## Directions for this task
Your task is to reproduce the listing exactly, without its images.

## Record set
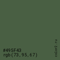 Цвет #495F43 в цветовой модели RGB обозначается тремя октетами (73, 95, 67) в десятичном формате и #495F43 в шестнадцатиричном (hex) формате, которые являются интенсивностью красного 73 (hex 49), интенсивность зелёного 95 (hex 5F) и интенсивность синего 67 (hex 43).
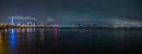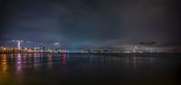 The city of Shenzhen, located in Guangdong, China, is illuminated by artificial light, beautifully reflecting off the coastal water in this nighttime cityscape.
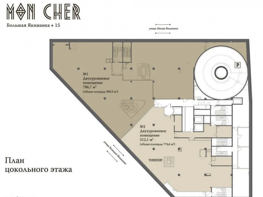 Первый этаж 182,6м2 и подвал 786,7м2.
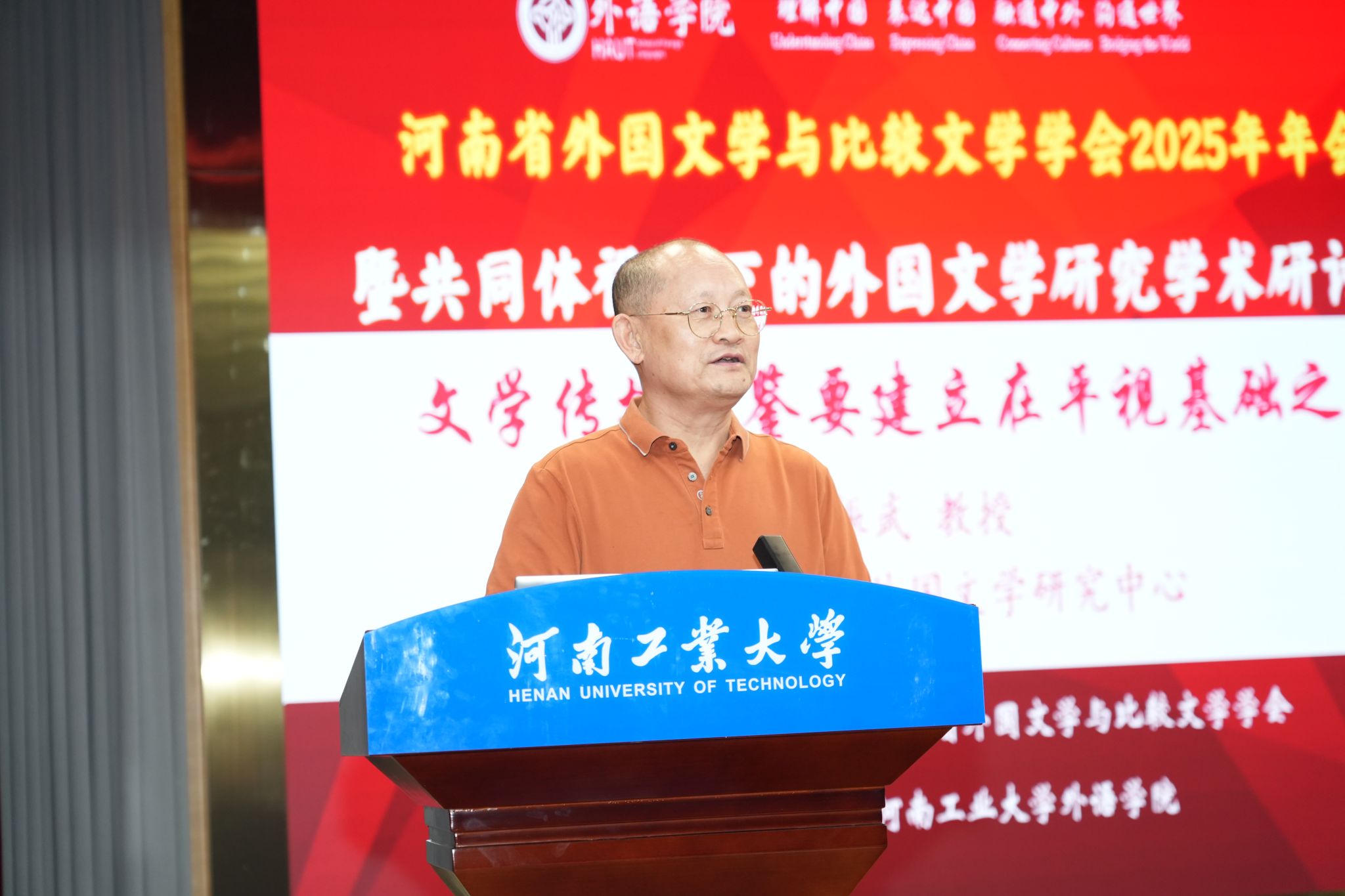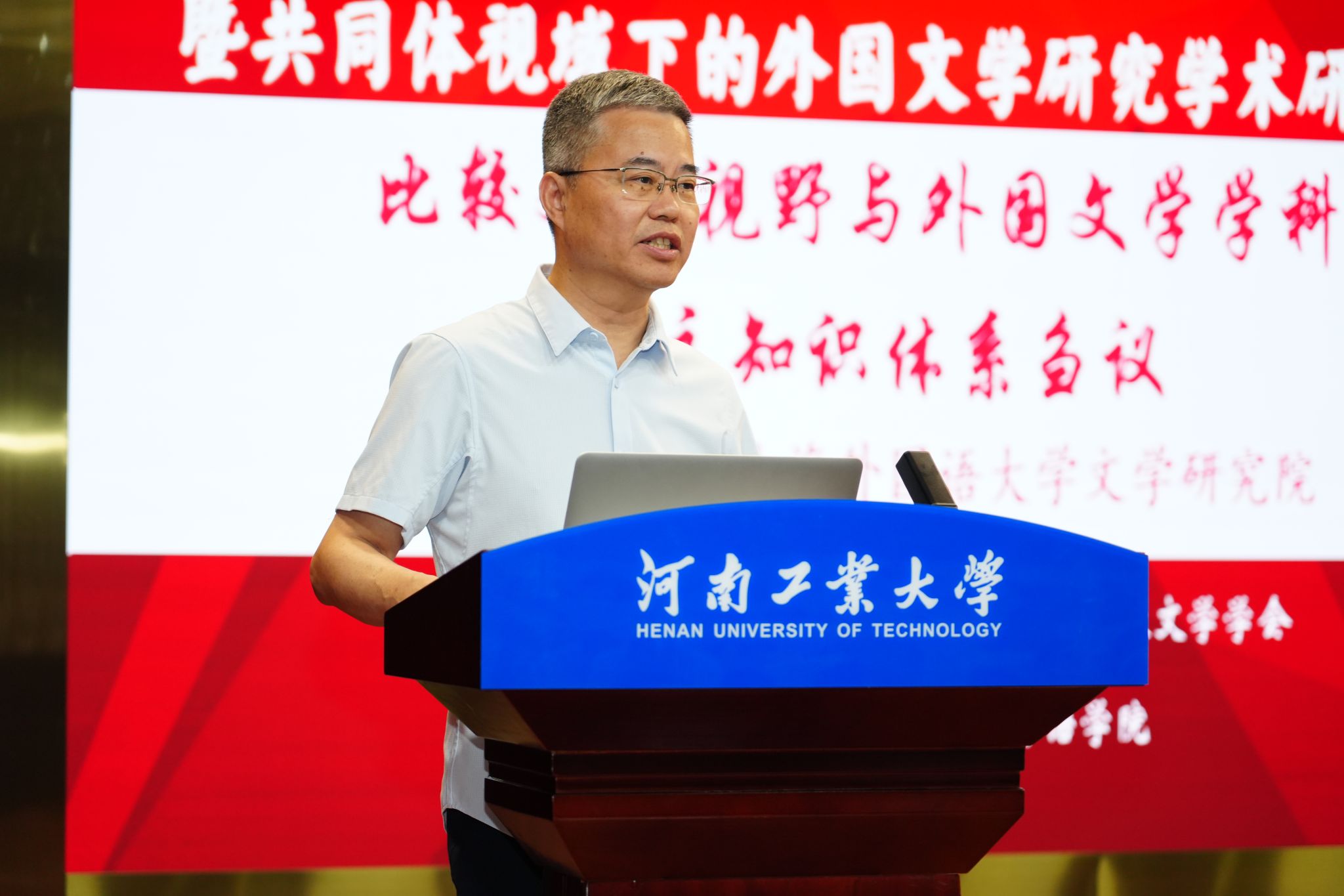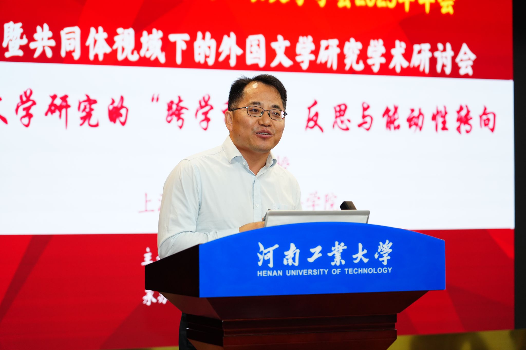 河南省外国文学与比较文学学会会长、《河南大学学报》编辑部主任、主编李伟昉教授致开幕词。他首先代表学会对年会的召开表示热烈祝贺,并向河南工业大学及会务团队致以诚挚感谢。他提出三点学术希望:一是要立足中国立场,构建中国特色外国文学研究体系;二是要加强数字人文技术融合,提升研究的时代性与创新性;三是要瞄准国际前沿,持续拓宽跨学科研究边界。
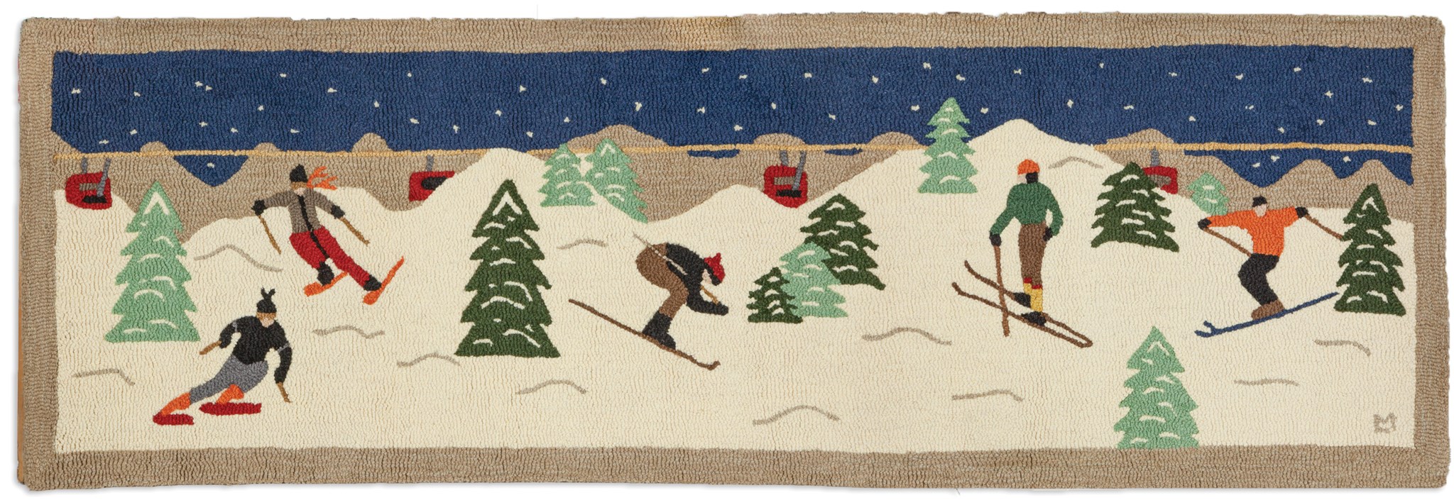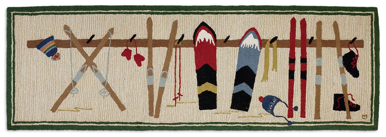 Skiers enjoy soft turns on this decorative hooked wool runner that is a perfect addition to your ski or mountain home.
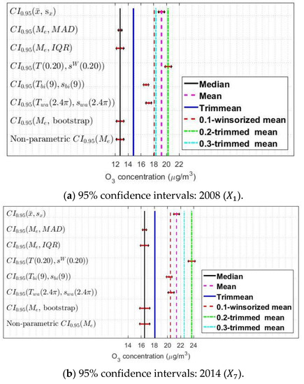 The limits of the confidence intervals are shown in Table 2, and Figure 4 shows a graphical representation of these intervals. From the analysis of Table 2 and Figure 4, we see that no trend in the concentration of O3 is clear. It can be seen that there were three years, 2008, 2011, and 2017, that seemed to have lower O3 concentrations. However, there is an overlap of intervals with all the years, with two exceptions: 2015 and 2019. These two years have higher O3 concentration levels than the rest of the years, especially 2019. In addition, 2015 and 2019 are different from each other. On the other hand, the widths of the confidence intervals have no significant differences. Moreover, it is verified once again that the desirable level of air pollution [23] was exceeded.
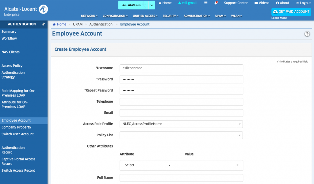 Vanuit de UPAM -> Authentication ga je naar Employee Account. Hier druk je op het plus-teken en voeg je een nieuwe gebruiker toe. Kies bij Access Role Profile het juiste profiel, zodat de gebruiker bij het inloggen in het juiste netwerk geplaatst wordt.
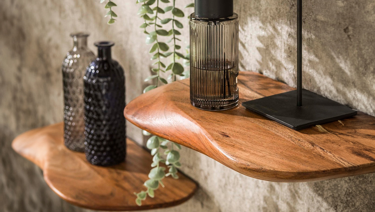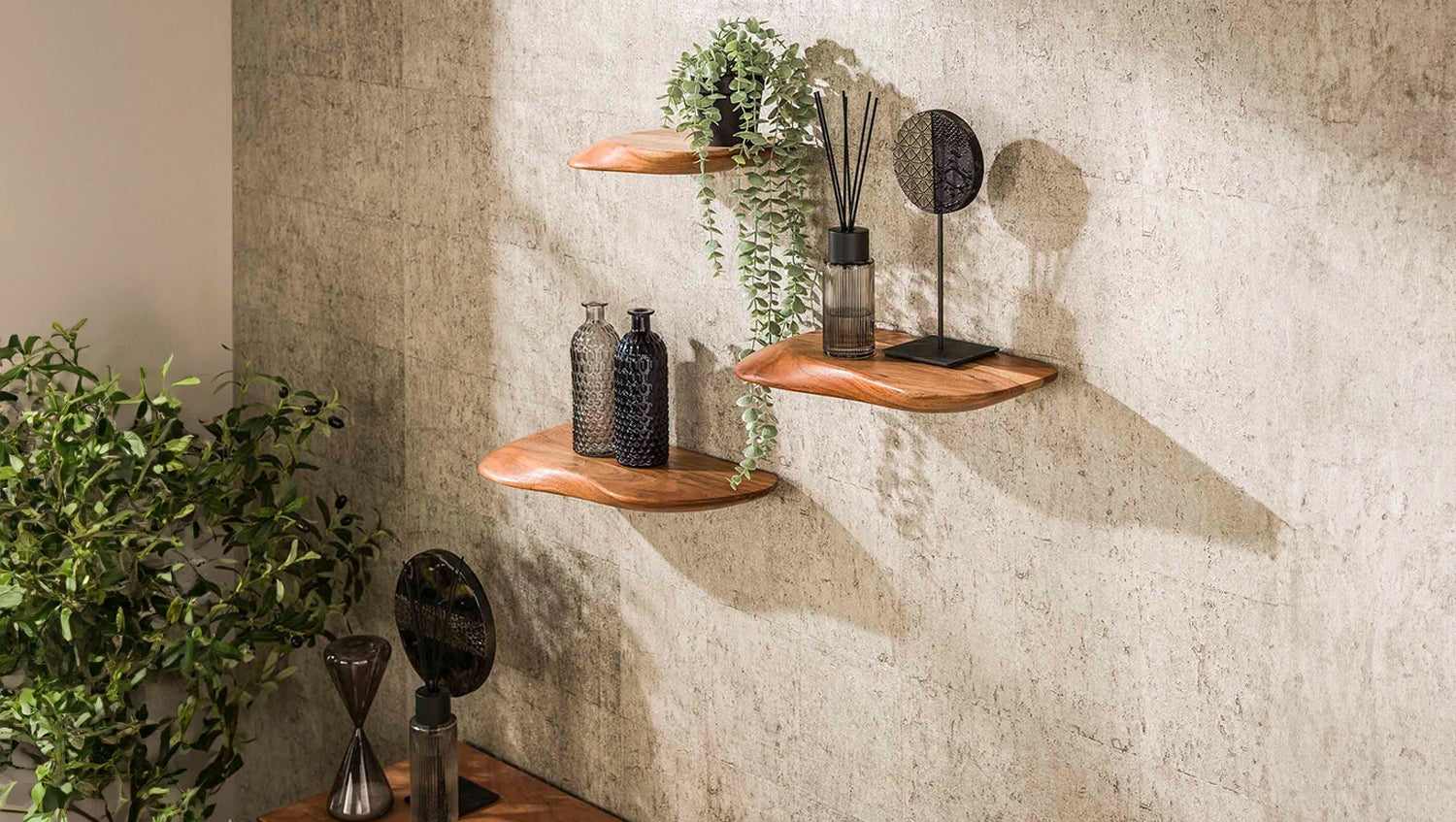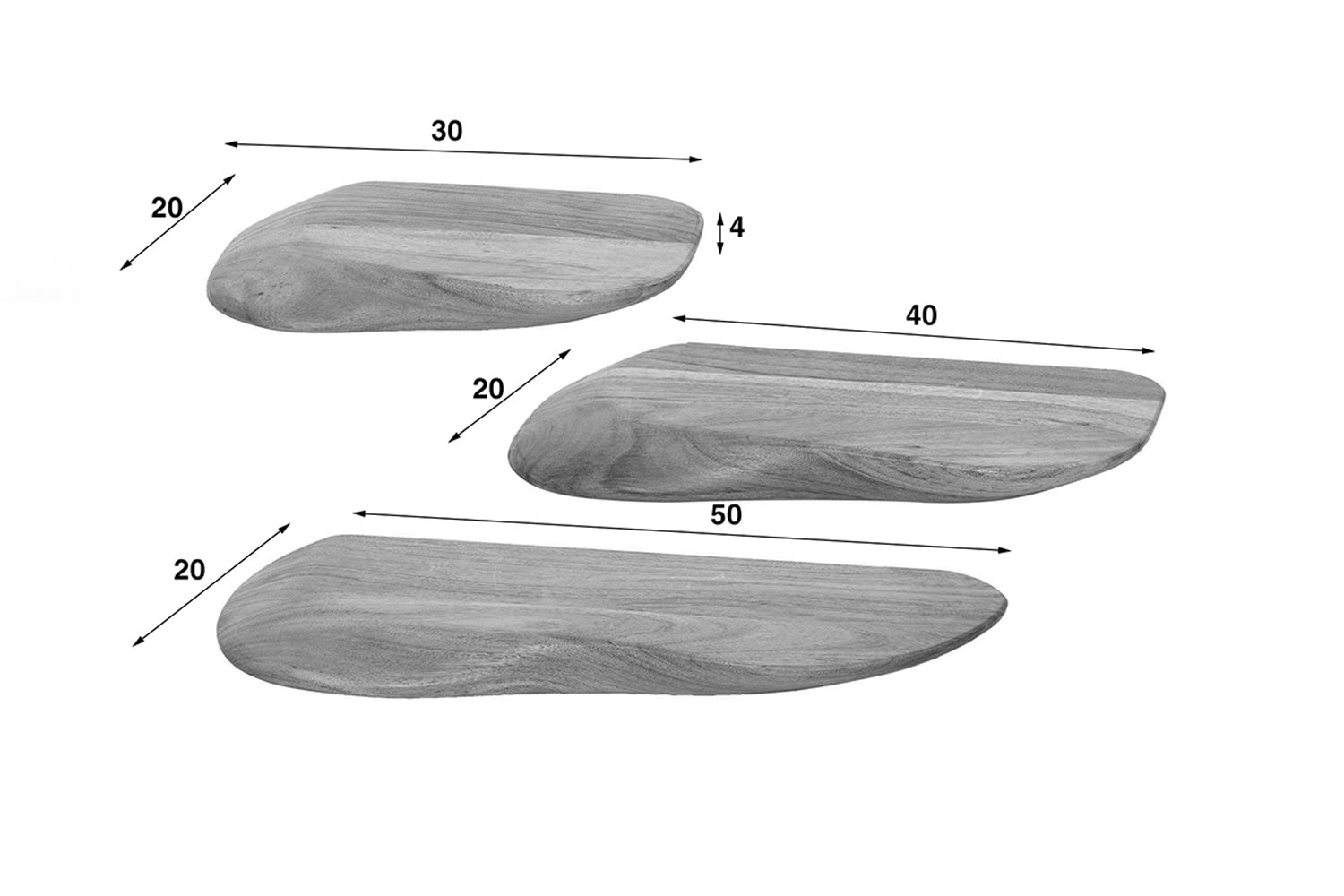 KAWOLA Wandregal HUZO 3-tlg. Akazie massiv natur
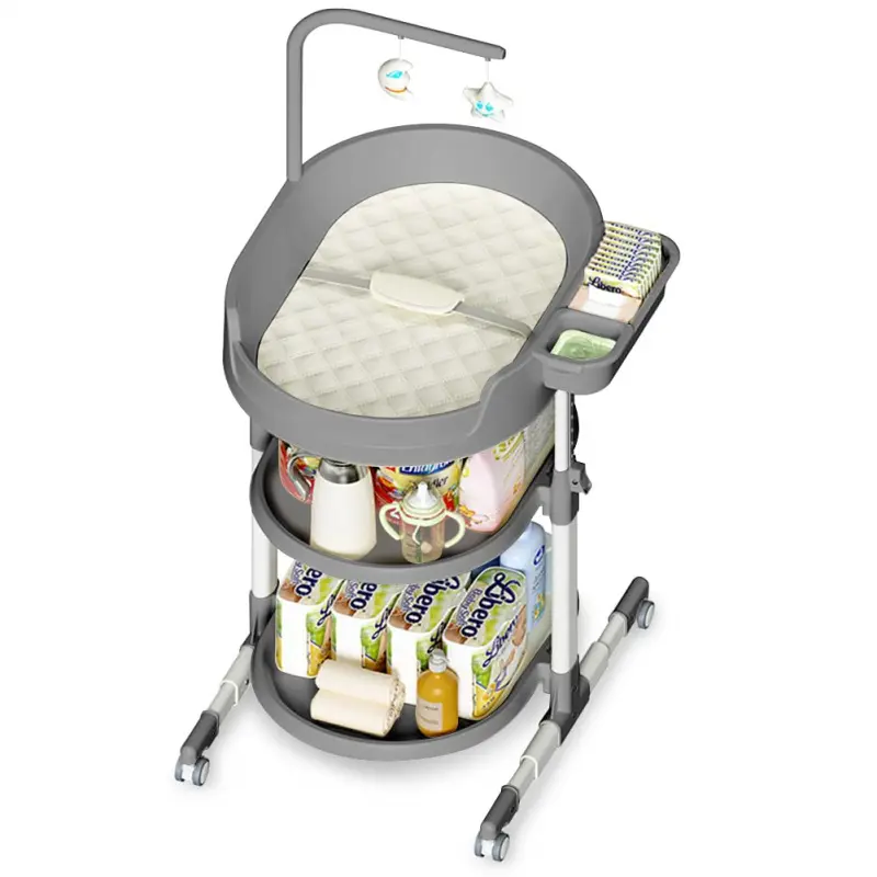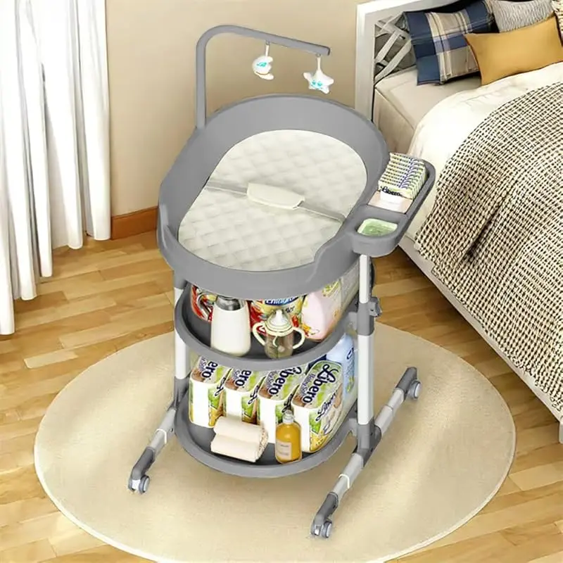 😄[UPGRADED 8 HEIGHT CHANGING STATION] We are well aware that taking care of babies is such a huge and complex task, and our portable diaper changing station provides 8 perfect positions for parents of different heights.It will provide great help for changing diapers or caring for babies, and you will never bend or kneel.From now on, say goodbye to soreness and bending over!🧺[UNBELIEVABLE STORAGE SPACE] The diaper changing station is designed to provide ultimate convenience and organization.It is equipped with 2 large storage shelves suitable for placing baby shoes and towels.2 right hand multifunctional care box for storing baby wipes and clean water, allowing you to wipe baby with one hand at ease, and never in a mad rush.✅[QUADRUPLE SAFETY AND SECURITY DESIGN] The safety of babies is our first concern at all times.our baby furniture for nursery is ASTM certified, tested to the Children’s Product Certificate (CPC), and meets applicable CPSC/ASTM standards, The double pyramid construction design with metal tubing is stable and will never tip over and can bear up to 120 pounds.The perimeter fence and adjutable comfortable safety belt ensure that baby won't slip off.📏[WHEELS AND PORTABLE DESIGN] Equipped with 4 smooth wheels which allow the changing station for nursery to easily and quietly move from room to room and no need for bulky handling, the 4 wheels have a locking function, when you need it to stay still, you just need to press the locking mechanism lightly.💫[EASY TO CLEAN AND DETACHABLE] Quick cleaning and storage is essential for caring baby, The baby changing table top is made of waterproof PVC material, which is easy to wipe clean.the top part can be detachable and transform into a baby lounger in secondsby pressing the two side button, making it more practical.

## Output below
 Цвет #495F43 в цветовой модели RGB обозначается тремя октетами (73, 95, 67) в десятичном формате и #495F43 в шестнадцатиричном (hex) формате, которые являются интенсивностью красного 73 (hex 49), интенсивность зелёного 95 (hex 5F) и интенсивность синего 67 (hex 43).
 The city of Shenzhen, located in Guangdong, China, is illuminated by artificial light, beautifully reflecting off the coastal water in this nighttime cityscape.
 Первый этаж 182,6м2 и подвал 786,7м2.
 河南省外国文学与比较文学学会会长、《河南大学学报》编辑部主任、主编李伟昉教授致开幕词。他首先代表学会对年会的召开表示热烈祝贺,并向河南工业大学及会务团队致以诚挚感谢。他提出三点学术希望:一是要立足中国立场,构建中国特色外国文学研究体系;二是要加强数字人文技术融合,提升研究的时代性与创新性;三是要瞄准国际前沿,持续拓宽跨学科研究边界。
 Skiers enjoy soft turns on this decorative hooked wool runner that is a perfect addition to your ski or mountain home.
 The limits of the confidence intervals are shown in Table 2, and Figure 4 shows a graphical representation of these intervals. From the analysis of Table 2 and Figure 4, we see that no trend in the concentration of O3 is clear. It can be seen that there were three years, 2008, 2011, and 2017, that seemed to have lower O3 concentrations. However, there is an overlap of intervals with all the years, with two exceptions: 2015 and 2019. These two years have higher O3 concentration levels than the rest of the years, especially 2019. In addition, 2015 and 2019 are different from each other. On the other hand, the widths of the confidence intervals have no significant differences. Moreover, it is verified once again that the desirable level of air pollution [23] was exceeded.
 Vanuit de UPAM -> Authentication ga je naar Employee Account. Hier druk je op het plus-teken en voeg je een nieuwe gebruiker toe. Kies bij Access Role Profile het juiste profiel, zodat de gebruiker bij het inloggen in het juiste netwerk geplaatst wordt.
 KAWOLA Wandregal HUZO 3-tlg. Akazie massiv natur
 😄[UPGRADED 8 HEIGHT CHANGING STATION] We are well aware that taking care of babies is such a huge and complex task, and our portable diaper changing station provides 8 perfect positions for parents of different heights.It will provide great help for changing diapers or caring for babies, and you will never bend or kneel.From now on, say goodbye to soreness and bending over!🧺[UNBELIEVABLE STORAGE SPACE] The diaper changing station is designed to provide ultimate convenience and organization.It is equipped with 2 large storage shelves suitable for placing baby shoes and towels.2 right hand multifunctional care box for storing baby wipes and clean water, allowing you to wipe baby with one hand at ease, and never in a mad rush.✅[QUADRUPLE SAFETY AND SECURITY DESIGN] The safety of babies is our first concern at all times.our baby furniture for nursery is ASTM certified, tested to the Children’s Product Certificate (CPC), and meets applicable CPSC/ASTM standards, The double pyramid construction design with metal tubing is stable and will never tip over and can bear up to 120 pounds.The perimeter fence and adjutable comfortable safety belt ensure that baby won't slip off.📏[WHEELS AND PORTABLE DESIGN] Equipped with 4 smooth wheels which allow the changing station for nursery to easily and quietly move from room to room and no need for bulky handling, the 4 wheels have a locking function, when you need it to stay still, you just need to press the locking mechanism lightly.💫[EASY TO CLEAN AND DETACHABLE] Quick cleaning and storage is essential for caring baby, The baby changing table top is made of waterproof PVC material, which is easy to wipe clean.the top part can be detachable and transform into a baby lounger in secondsby pressing the two side button, making it more practical.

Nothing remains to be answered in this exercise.